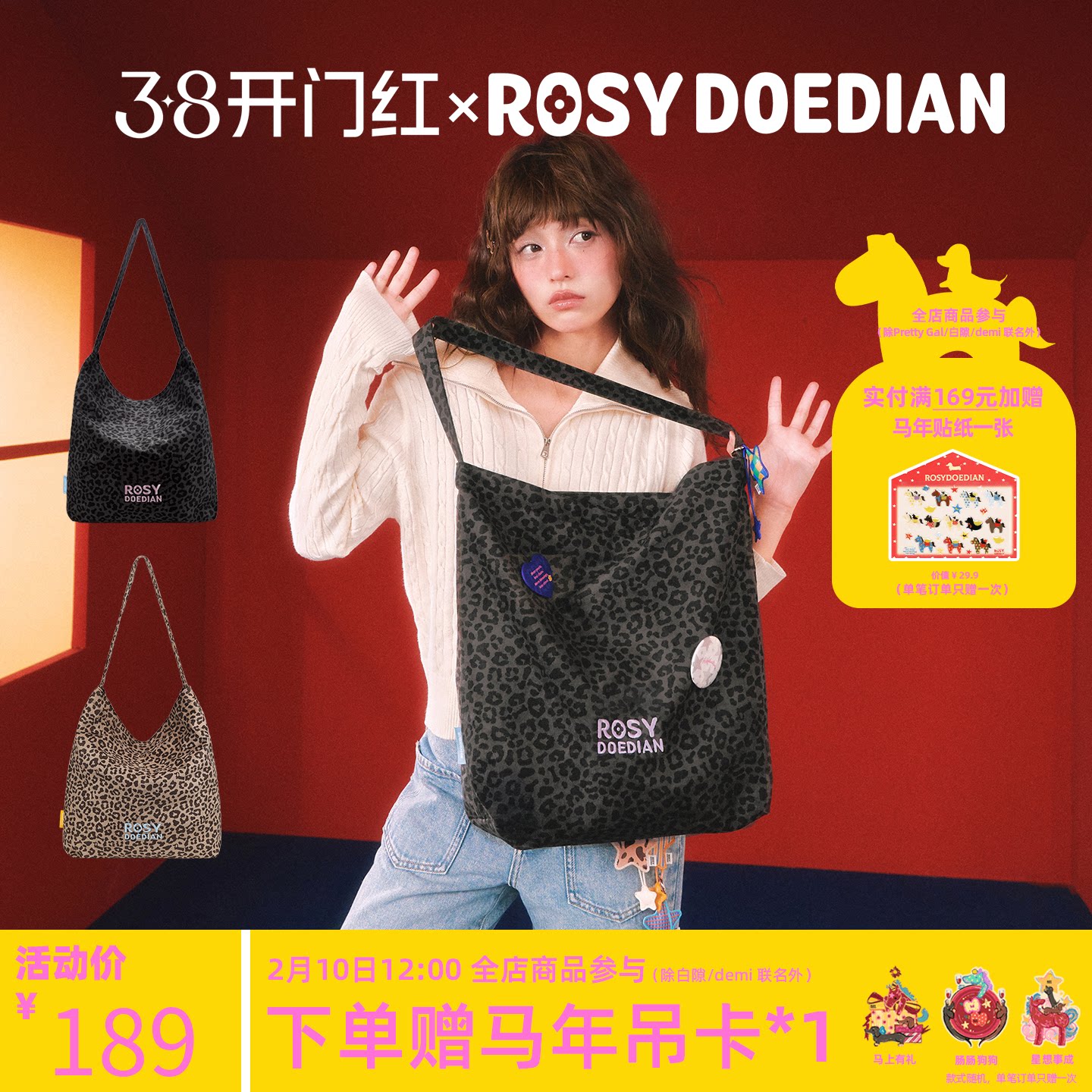 ROSYDOEDIAN round head shell has something leopard print canvas bag hat combination commuter print suit
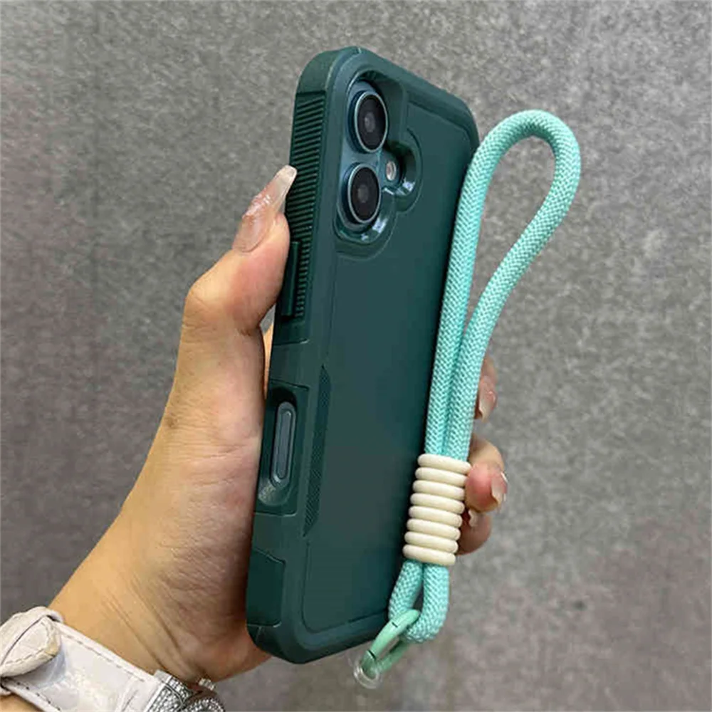 Luxury Solid Color Lanyard Soft Phone Case For iPhone 16 15 14 13 12 11 XS Pro Max Plus XR Camera Protection Shockproof Cover
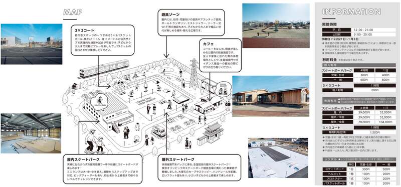 東北最大級スケートボードパークを中心に、3×3バスケットボールコート・遊具エリア・カフェを備えた、子供から大人まで楽しめる施設です。
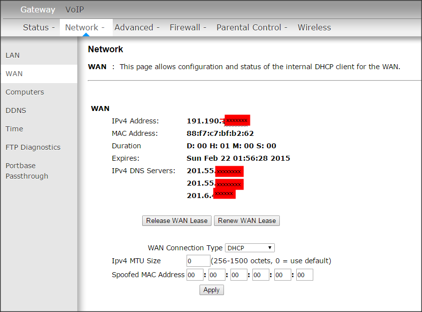 Aqui em Network tem opção de dhcp, static IP, L2TP (dhcp) e L2TP (static) mas acho que não pode alterar, tem que deixar como dhcp.
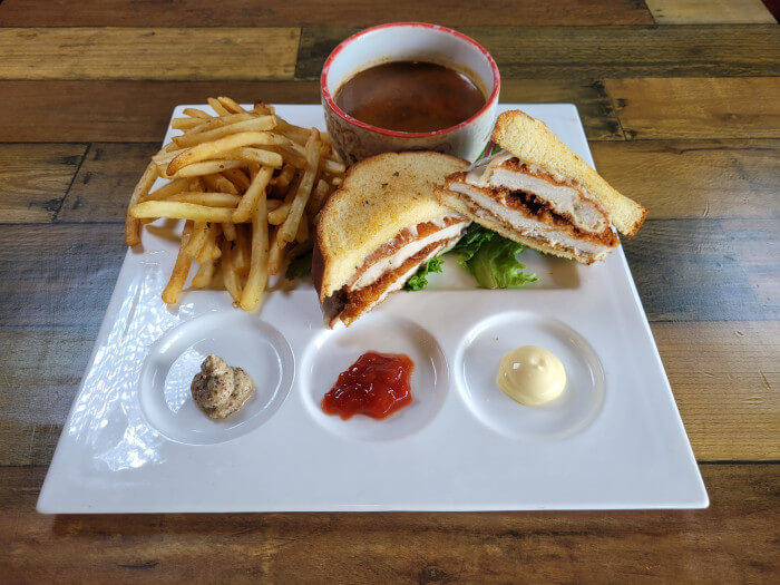 katsu fried cutlet of chicken or pork with swiss and provolone cheese melted between hawaiian sweet bread toasted with garlic butter and served with truffle fries and house Japanese curry sauce for dipping (add bacon $2)
---+---
- _Try it_:
Pictures must be left out when the records are transcribed exactly.

- _Exercise result_:
 ROSYDOEDIAN round head shell has something leopard print canvas bag hat combination commuter print suit
 Luxury Solid Color Lanyard Soft Phone Case For iPhone 16 15 14 13 12 11 XS Pro Max Plus XR Camera Protection Shockproof Cover
 東北最大級スケートボードパークを中心に、3×3バスケットボールコート・遊具エリア・カフェを備えた、子供から大人まで楽しめる施設です。
 Aqui em Network tem opção de dhcp, static IP, L2TP (dhcp) e L2TP (static) mas acho que não pode alterar, tem que deixar como dhcp.
 katsu fried cutlet of chicken or pork with swiss and provolone cheese melted between hawaiian sweet bread toasted with garlic butter and served with truffle fries and house Japanese curry sauce for dipping (add bacon $2)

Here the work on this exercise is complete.